▶ _THE PROBLEM_
Only the lines that contain the string "Look" belong in the answer; pull them from the records.

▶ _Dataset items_
__________________________________________________

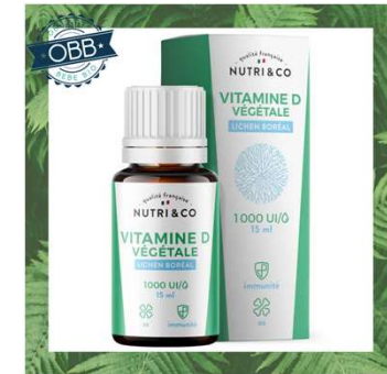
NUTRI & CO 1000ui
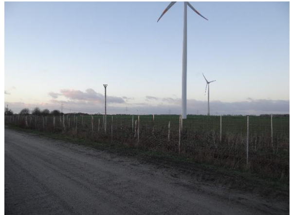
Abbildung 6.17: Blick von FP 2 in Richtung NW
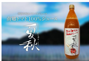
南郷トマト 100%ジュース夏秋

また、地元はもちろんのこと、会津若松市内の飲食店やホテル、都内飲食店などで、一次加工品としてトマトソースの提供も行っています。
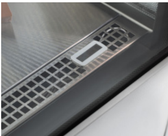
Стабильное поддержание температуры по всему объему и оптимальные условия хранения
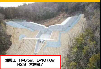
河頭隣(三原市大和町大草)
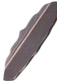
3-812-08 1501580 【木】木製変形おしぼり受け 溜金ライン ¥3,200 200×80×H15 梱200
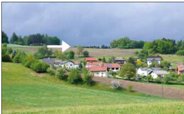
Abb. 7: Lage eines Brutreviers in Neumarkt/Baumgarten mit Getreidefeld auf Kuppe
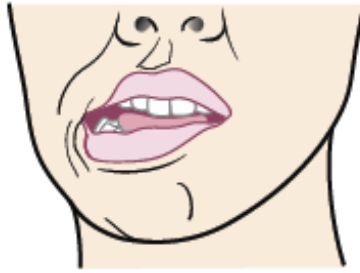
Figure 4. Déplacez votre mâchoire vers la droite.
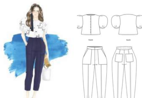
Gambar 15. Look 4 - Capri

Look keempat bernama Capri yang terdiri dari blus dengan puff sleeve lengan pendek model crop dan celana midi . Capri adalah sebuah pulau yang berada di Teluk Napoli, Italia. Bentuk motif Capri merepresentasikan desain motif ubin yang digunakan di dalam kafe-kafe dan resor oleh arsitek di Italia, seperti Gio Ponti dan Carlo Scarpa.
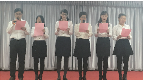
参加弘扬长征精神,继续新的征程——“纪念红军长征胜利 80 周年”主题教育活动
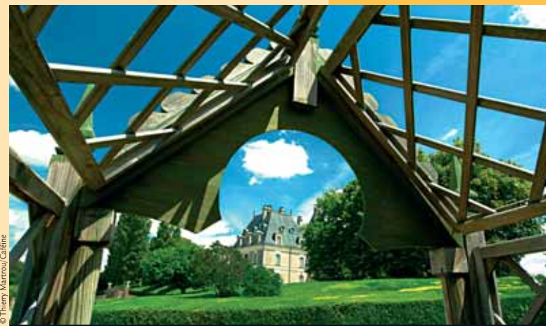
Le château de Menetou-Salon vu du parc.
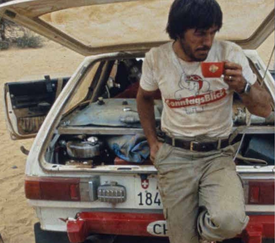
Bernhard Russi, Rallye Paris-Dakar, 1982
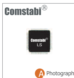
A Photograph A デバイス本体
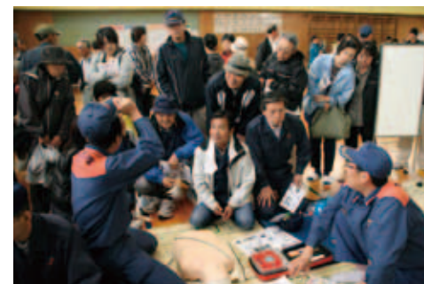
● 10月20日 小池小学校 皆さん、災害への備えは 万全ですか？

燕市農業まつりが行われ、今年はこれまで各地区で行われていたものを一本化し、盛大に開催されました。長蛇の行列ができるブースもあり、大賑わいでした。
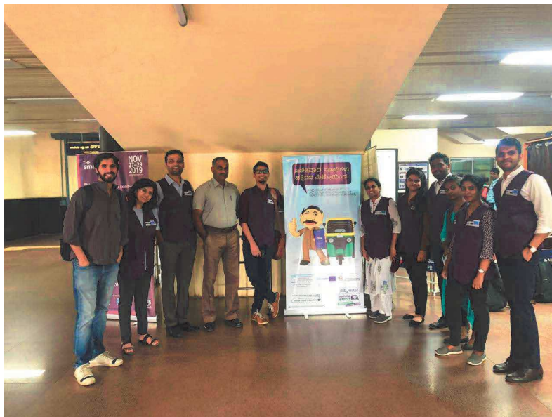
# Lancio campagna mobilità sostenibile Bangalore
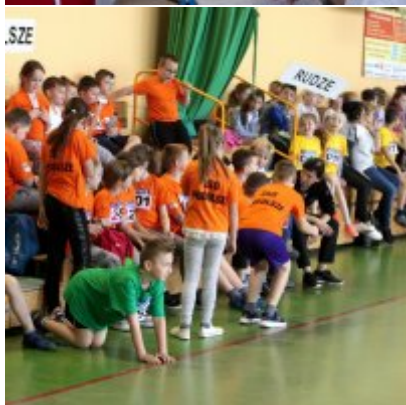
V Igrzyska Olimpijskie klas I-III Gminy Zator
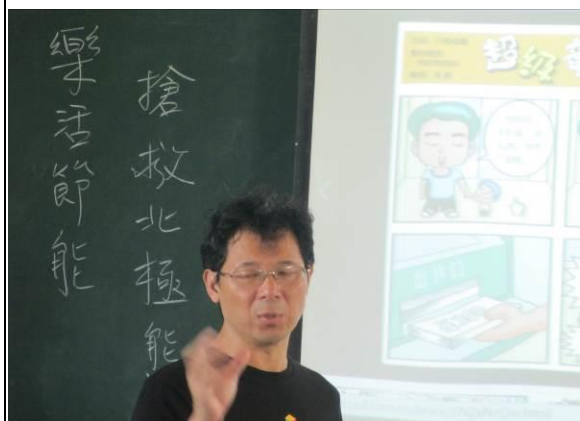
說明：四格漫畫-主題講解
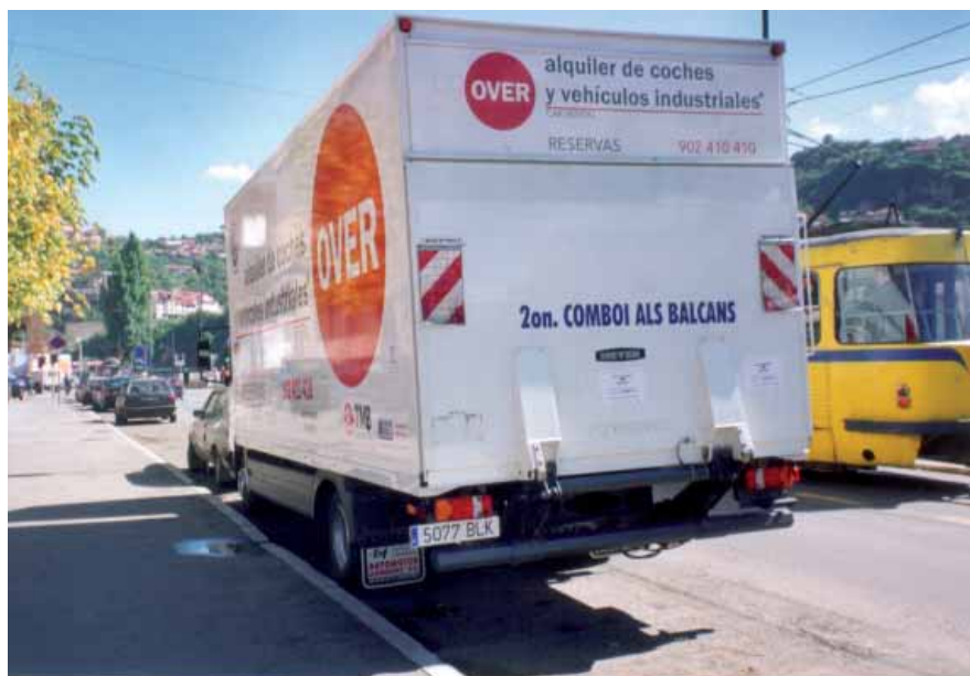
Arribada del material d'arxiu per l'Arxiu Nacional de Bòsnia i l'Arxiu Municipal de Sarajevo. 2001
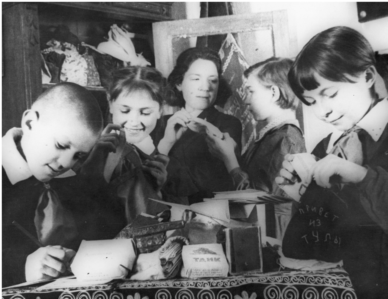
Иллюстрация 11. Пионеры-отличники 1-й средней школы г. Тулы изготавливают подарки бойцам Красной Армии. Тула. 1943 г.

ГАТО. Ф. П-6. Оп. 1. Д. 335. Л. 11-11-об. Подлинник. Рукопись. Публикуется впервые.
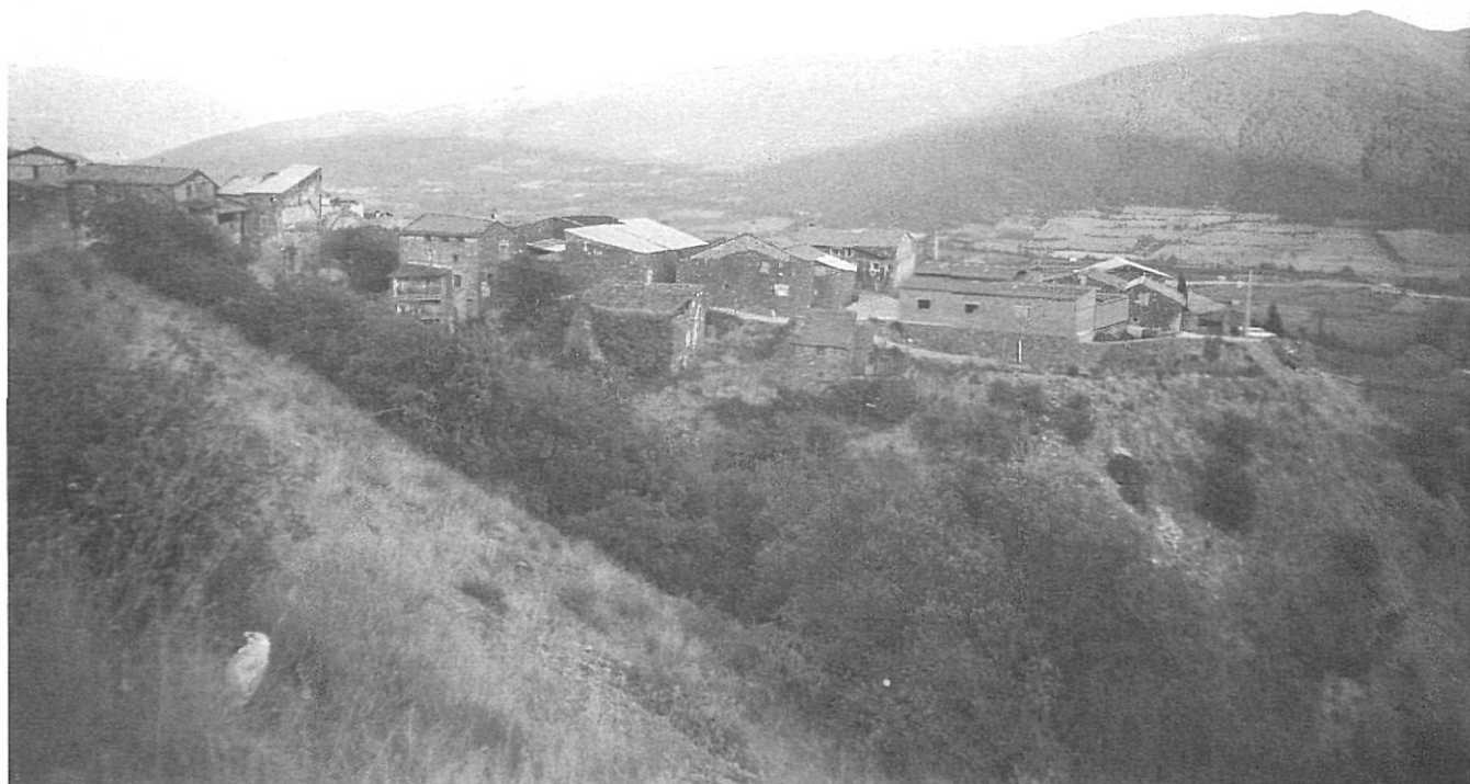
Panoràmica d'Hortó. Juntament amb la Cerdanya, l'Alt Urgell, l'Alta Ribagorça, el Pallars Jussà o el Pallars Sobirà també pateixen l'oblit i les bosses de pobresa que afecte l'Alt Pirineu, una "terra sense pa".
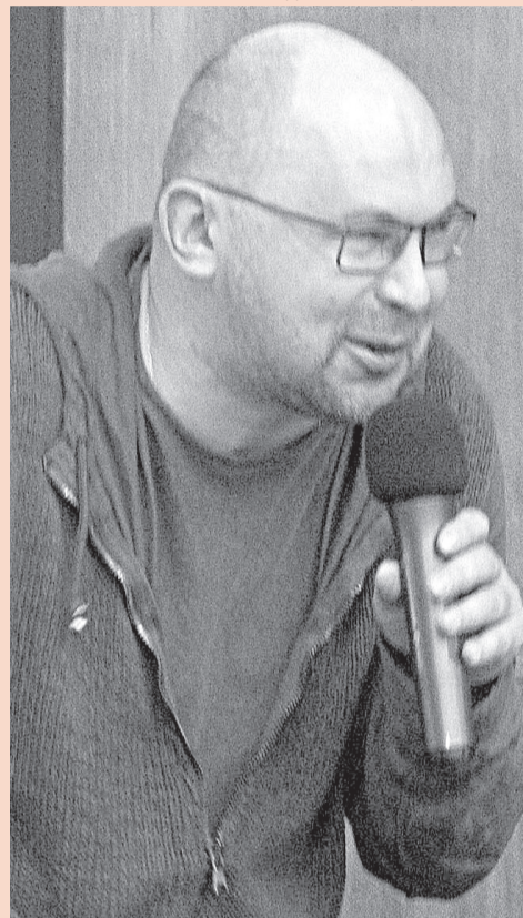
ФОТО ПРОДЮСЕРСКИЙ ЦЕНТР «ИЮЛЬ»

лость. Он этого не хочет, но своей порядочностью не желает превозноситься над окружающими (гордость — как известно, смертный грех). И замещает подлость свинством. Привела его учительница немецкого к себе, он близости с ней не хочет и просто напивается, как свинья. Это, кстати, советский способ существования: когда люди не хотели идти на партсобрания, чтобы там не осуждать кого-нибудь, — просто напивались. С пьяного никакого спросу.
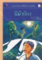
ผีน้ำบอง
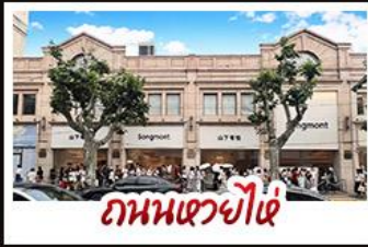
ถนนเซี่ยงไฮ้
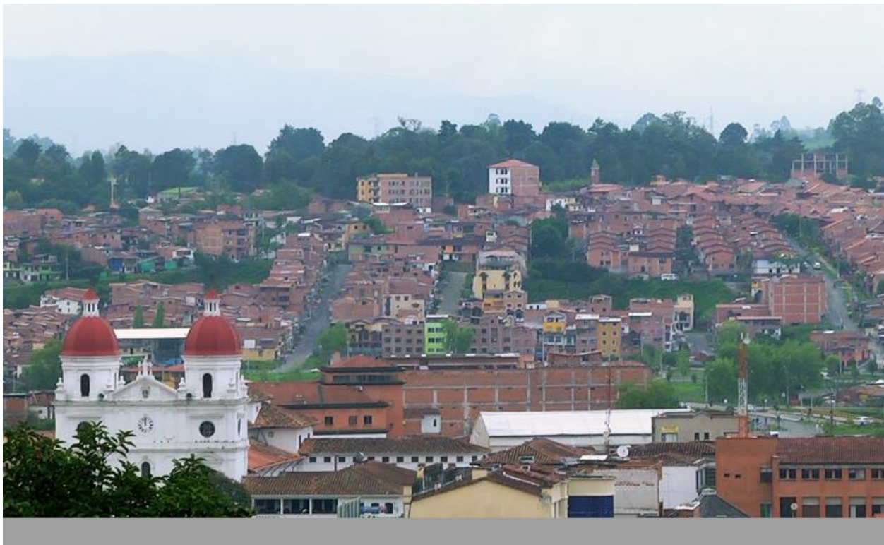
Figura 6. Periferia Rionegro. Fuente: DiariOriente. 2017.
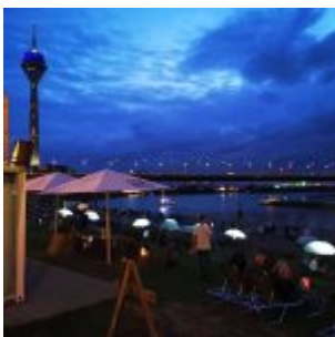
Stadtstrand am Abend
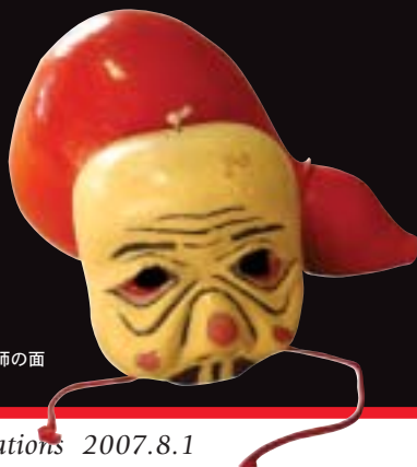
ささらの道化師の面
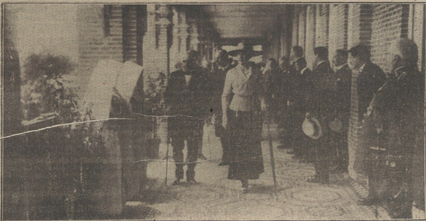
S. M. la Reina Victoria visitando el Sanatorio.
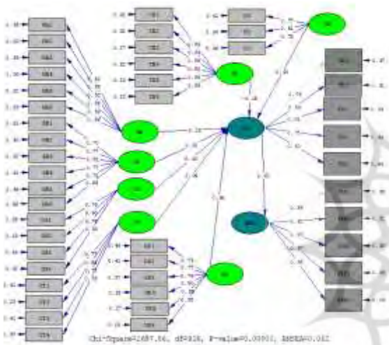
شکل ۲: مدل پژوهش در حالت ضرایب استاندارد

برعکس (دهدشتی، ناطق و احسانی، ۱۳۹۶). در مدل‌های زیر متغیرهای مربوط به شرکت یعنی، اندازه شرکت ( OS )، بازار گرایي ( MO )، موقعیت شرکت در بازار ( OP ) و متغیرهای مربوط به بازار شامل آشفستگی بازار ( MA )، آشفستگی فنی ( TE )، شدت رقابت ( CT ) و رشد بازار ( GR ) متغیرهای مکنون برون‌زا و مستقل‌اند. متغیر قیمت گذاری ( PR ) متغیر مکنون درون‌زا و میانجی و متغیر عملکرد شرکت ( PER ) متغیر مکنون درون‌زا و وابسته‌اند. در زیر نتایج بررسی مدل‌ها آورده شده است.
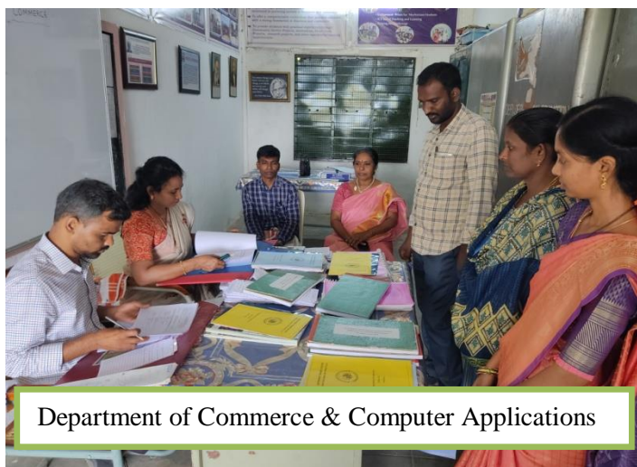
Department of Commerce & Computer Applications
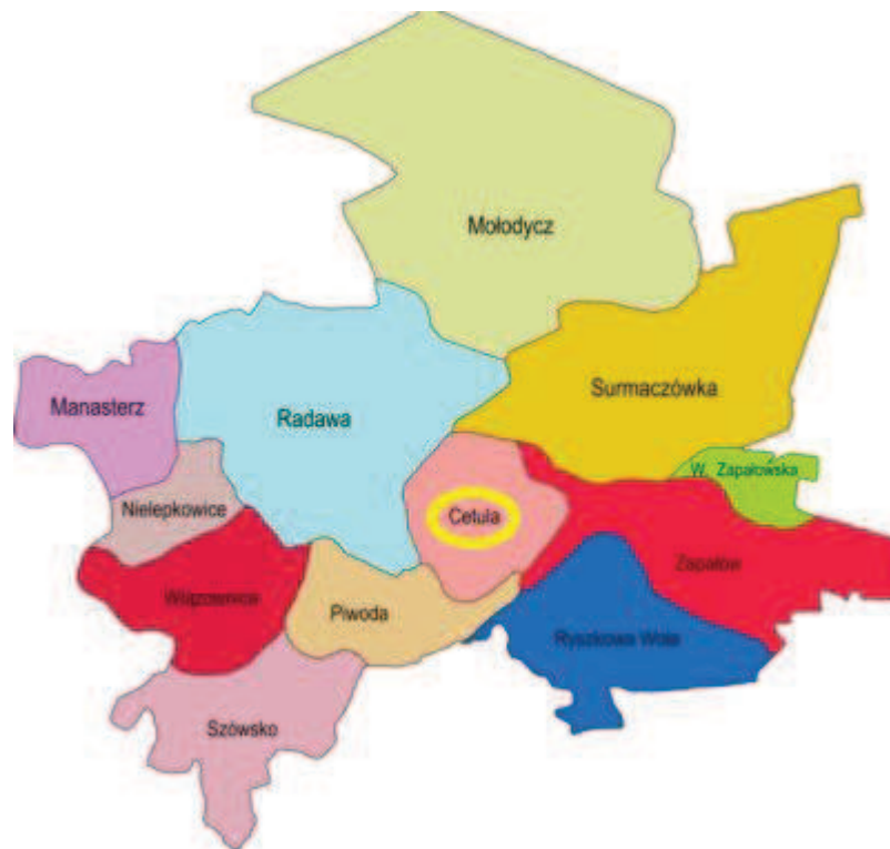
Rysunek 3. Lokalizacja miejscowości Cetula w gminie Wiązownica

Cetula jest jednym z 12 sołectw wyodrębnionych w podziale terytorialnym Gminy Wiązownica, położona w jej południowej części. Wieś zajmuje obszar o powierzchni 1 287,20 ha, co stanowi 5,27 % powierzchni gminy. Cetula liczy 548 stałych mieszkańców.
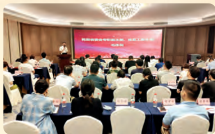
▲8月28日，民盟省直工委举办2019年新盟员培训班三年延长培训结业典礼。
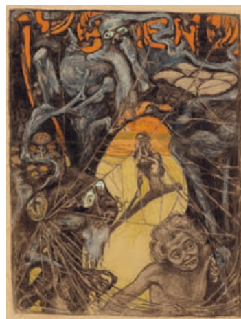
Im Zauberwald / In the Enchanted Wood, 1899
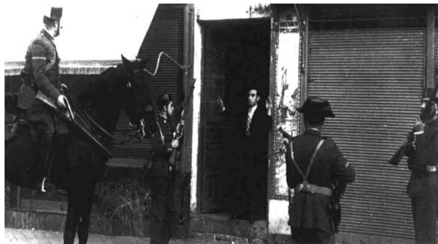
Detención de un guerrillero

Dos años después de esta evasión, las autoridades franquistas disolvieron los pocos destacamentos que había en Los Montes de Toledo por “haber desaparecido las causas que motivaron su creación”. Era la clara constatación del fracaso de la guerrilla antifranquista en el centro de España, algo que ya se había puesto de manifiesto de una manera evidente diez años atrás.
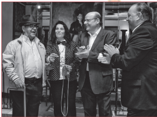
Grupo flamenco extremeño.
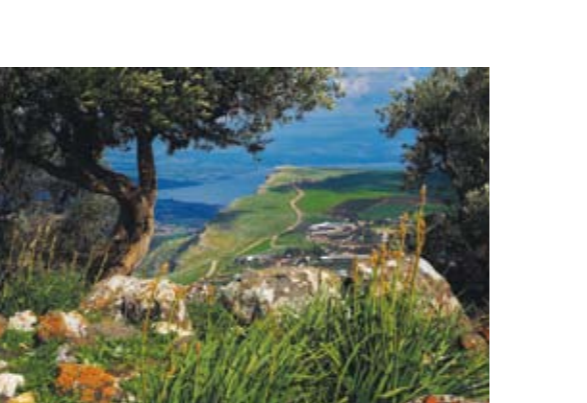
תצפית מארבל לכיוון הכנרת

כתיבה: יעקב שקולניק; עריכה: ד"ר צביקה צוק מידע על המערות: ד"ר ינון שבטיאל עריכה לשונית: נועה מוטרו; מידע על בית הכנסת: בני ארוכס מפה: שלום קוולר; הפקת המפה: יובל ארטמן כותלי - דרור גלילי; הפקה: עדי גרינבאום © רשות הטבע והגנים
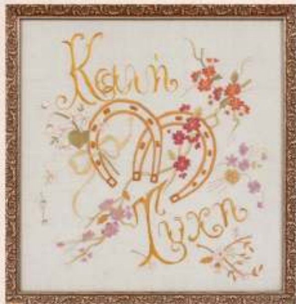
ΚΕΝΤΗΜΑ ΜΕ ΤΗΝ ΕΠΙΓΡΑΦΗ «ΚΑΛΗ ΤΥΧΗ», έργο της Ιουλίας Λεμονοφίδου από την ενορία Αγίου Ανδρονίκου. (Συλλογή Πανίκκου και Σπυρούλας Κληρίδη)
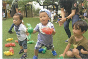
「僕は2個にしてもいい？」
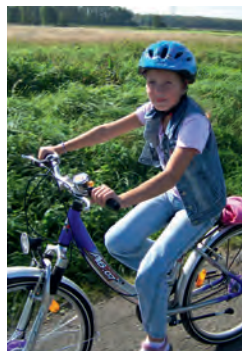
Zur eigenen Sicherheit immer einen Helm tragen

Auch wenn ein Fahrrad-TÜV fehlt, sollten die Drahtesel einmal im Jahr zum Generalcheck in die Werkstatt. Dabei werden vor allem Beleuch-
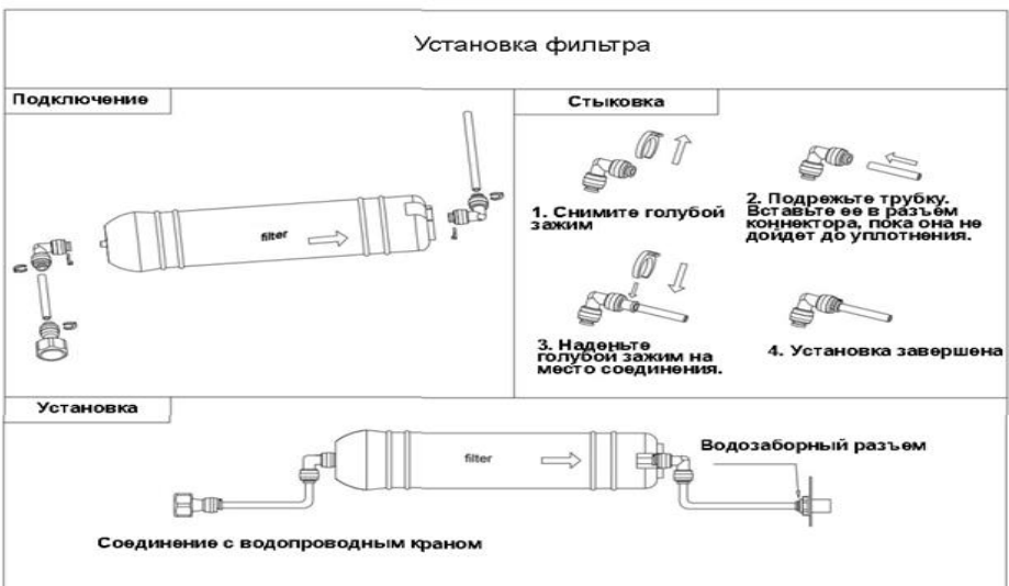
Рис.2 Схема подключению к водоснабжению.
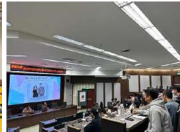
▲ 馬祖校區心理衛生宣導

__________________________________________________

▶ _WRITTEN SOLUTION_
Gambar 15. Look 4 - Capri
Look keempat bernama Capri yang terdiri dari blus dengan puff sleeve lengan pendek model crop dan celana midi . Capri adalah sebuah pulau yang berada di Teluk Napoli, Italia. Bentuk motif Capri merepresentasikan desain motif ubin yang digunakan di dalam kafe-kafe dan resor oleh arsitek di Italia, seperti Gio Ponti dan Carlo Scarpa.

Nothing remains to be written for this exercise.